PROBLEM DETAILS:
From the material below, reproduce exactly the stretch of lines that begins with the line holding "L'appartement 0.04 de" and ends with the line holding "3. Перейдіть у", skipping the pictures.

+++ PROVIDED INFORMATION

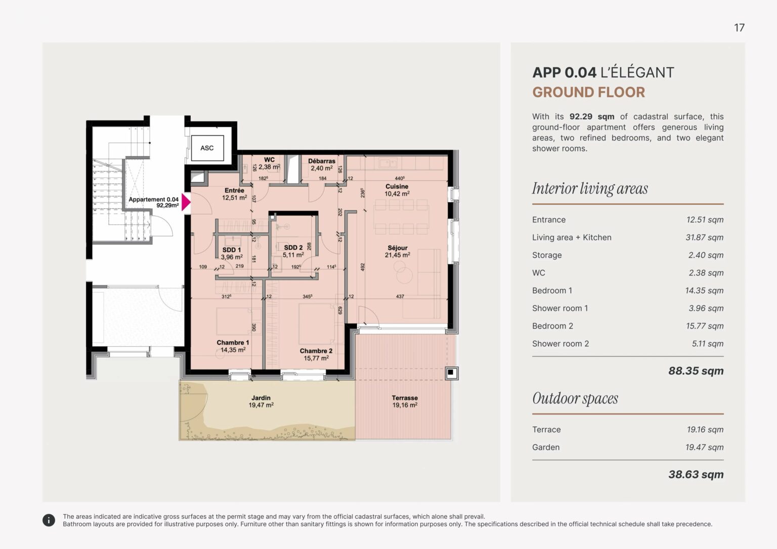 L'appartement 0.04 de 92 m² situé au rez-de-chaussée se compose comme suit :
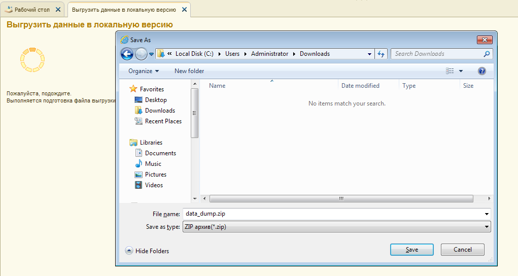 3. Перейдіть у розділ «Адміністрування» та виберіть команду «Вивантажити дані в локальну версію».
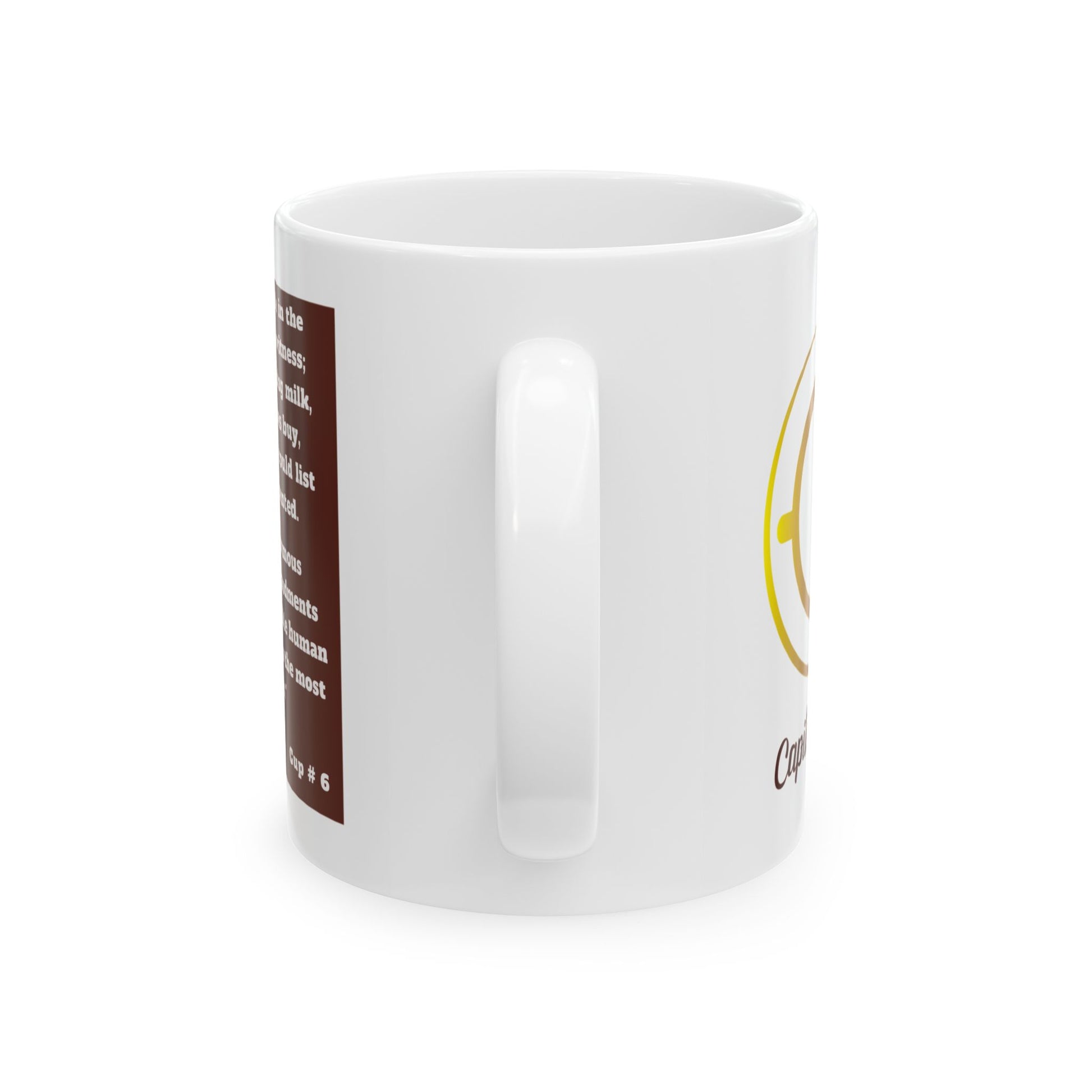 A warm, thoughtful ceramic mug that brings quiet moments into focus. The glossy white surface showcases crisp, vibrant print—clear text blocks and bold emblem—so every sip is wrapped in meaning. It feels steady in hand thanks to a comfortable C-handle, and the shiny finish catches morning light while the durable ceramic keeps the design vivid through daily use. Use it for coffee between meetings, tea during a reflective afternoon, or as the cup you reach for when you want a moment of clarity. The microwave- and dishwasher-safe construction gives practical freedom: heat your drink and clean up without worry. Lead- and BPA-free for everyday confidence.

++++++
+++ PROVIDED INFORMATION

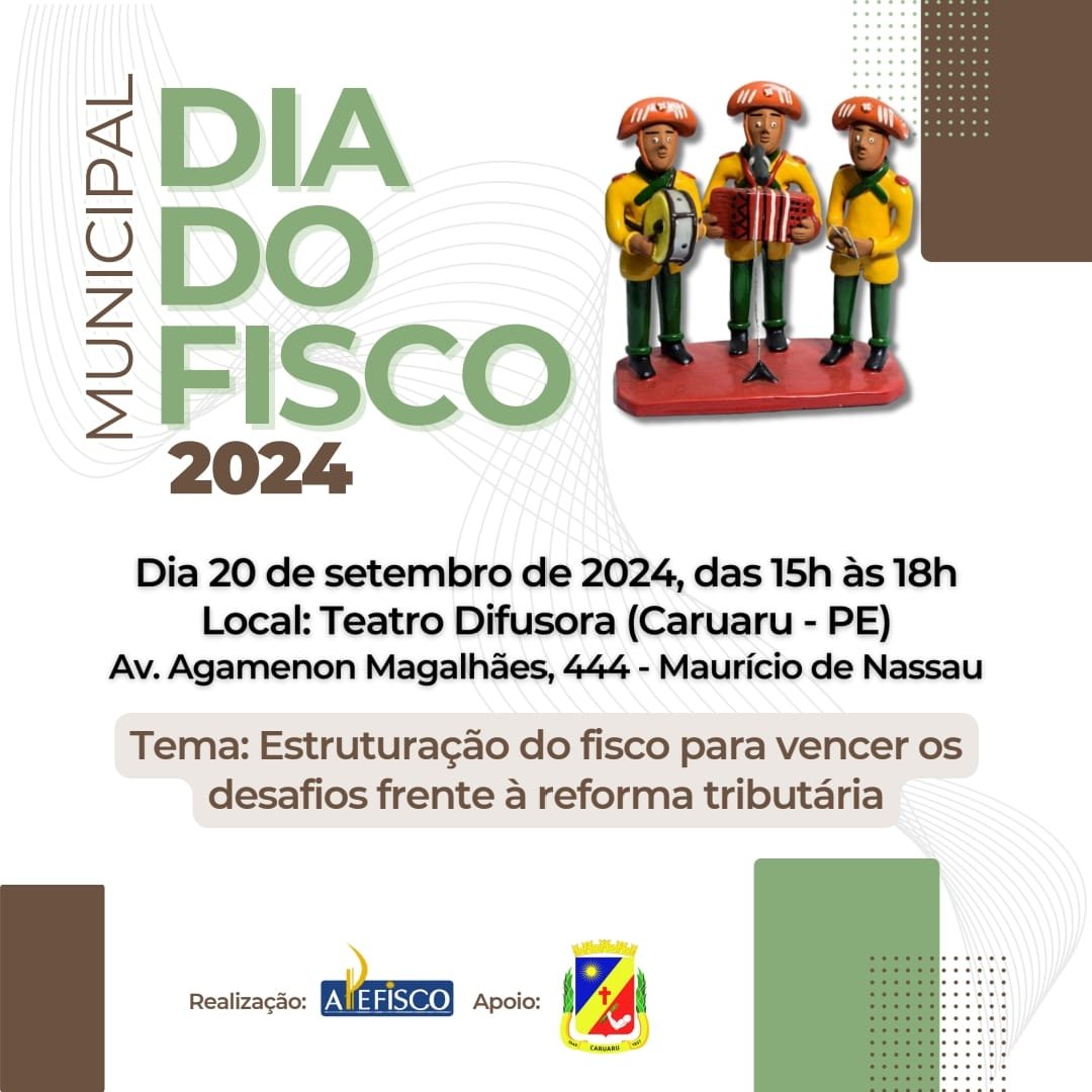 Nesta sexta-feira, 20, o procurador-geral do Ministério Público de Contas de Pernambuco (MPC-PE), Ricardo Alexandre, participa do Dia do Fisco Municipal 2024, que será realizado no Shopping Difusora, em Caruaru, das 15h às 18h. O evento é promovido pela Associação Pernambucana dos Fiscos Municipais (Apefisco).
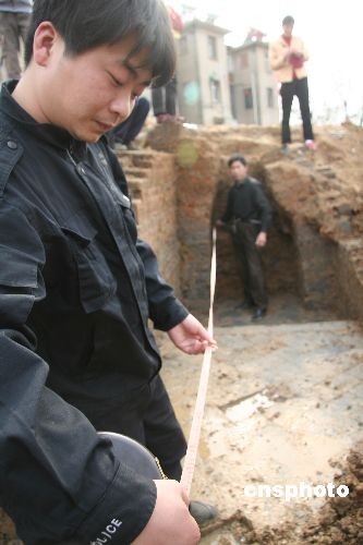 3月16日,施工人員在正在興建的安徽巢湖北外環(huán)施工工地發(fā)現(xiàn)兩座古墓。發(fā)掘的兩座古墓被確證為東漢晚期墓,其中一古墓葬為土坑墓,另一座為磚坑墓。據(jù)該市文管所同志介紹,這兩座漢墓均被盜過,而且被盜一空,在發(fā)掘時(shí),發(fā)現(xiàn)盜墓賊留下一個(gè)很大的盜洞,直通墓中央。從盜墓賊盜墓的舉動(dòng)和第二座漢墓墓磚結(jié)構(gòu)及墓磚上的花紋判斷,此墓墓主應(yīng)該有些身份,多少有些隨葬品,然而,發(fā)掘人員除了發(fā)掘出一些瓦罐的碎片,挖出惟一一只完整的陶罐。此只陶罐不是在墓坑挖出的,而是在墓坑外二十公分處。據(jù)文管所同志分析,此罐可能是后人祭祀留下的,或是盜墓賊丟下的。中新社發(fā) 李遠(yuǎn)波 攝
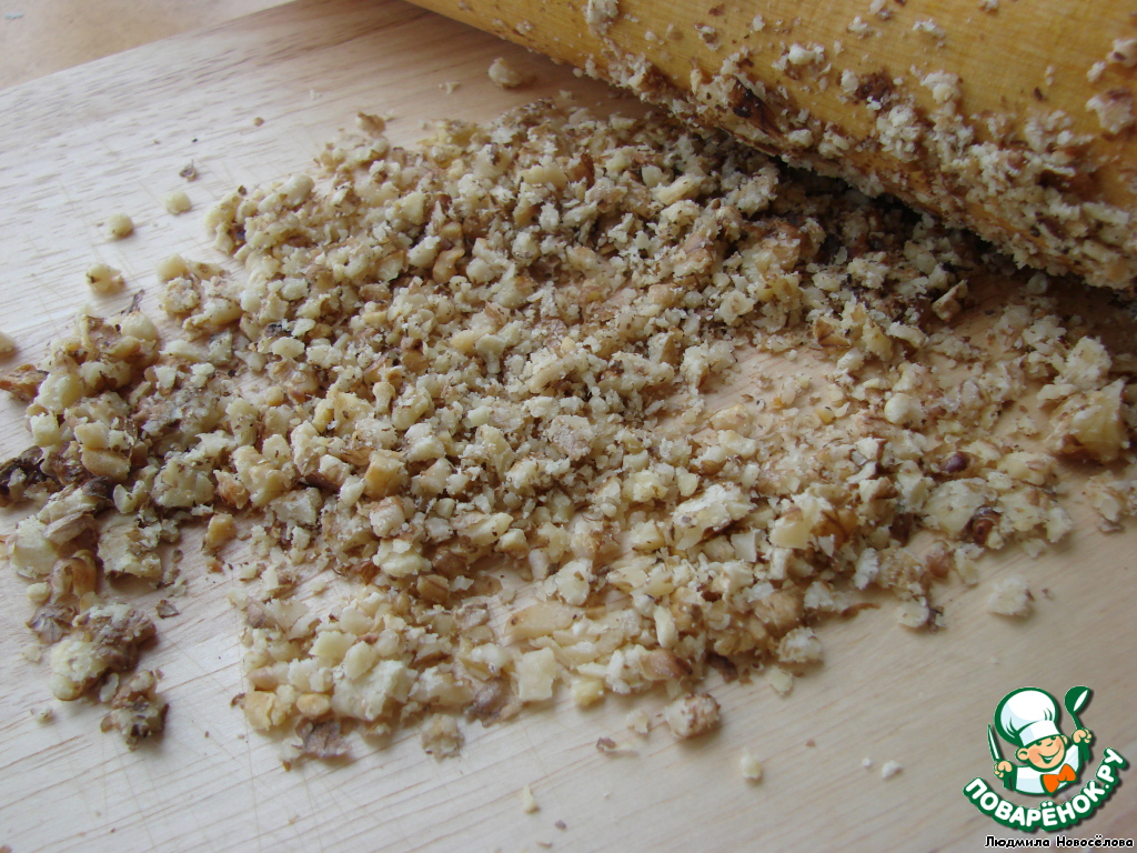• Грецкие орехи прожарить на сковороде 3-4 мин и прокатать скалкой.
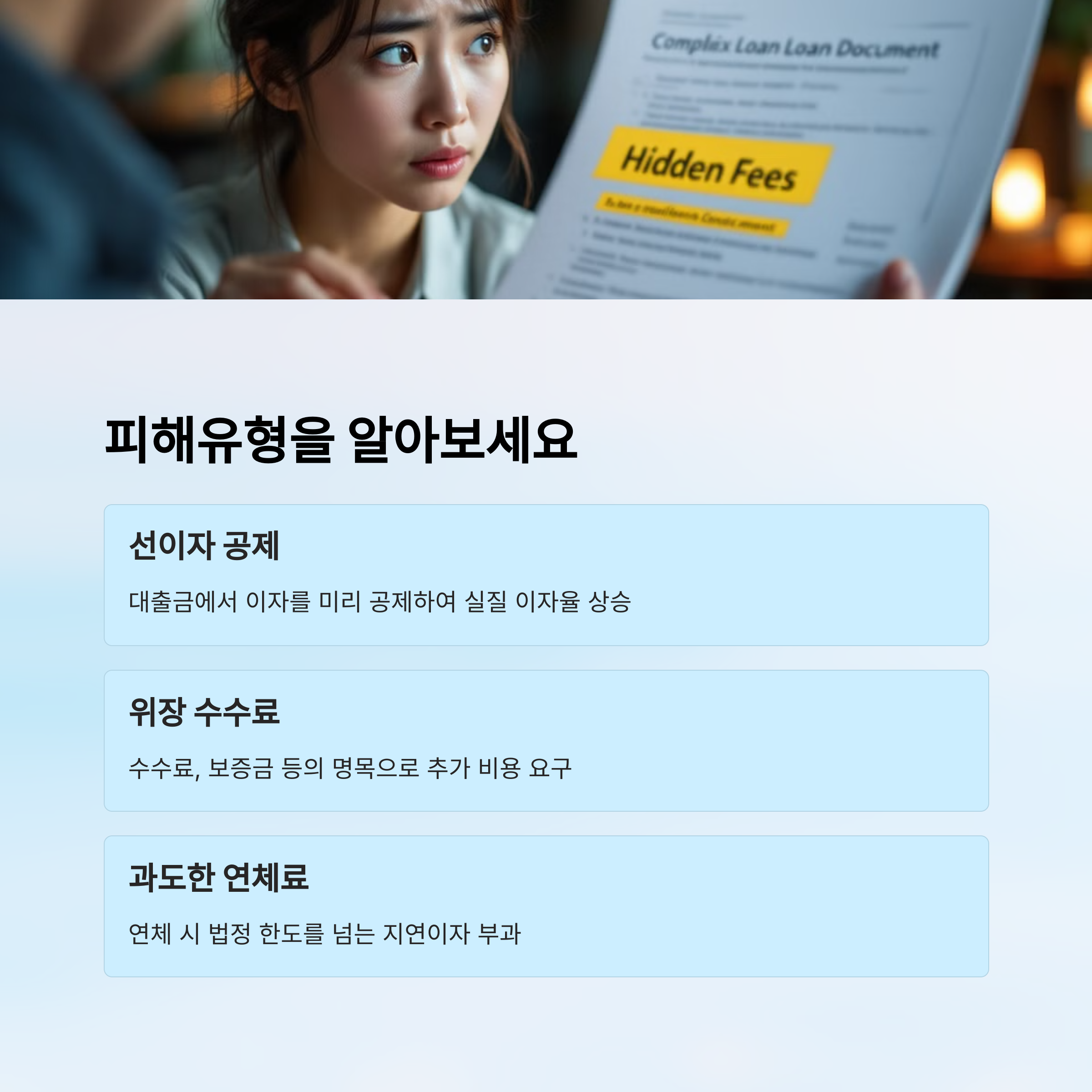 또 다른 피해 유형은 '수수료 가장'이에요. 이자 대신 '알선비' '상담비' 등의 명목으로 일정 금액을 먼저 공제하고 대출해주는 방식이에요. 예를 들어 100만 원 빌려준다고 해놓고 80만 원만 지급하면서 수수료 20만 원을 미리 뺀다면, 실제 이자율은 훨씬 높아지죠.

++++++

EXERCISE SOLUTION:
 L'appartement 0.04 de 92 m² situé au rez-de-chaussée se compose comme suit :
 3. Перейдіть у розділ «Адміністрування» та виберіть команду «Вивантажити дані в локальну версію».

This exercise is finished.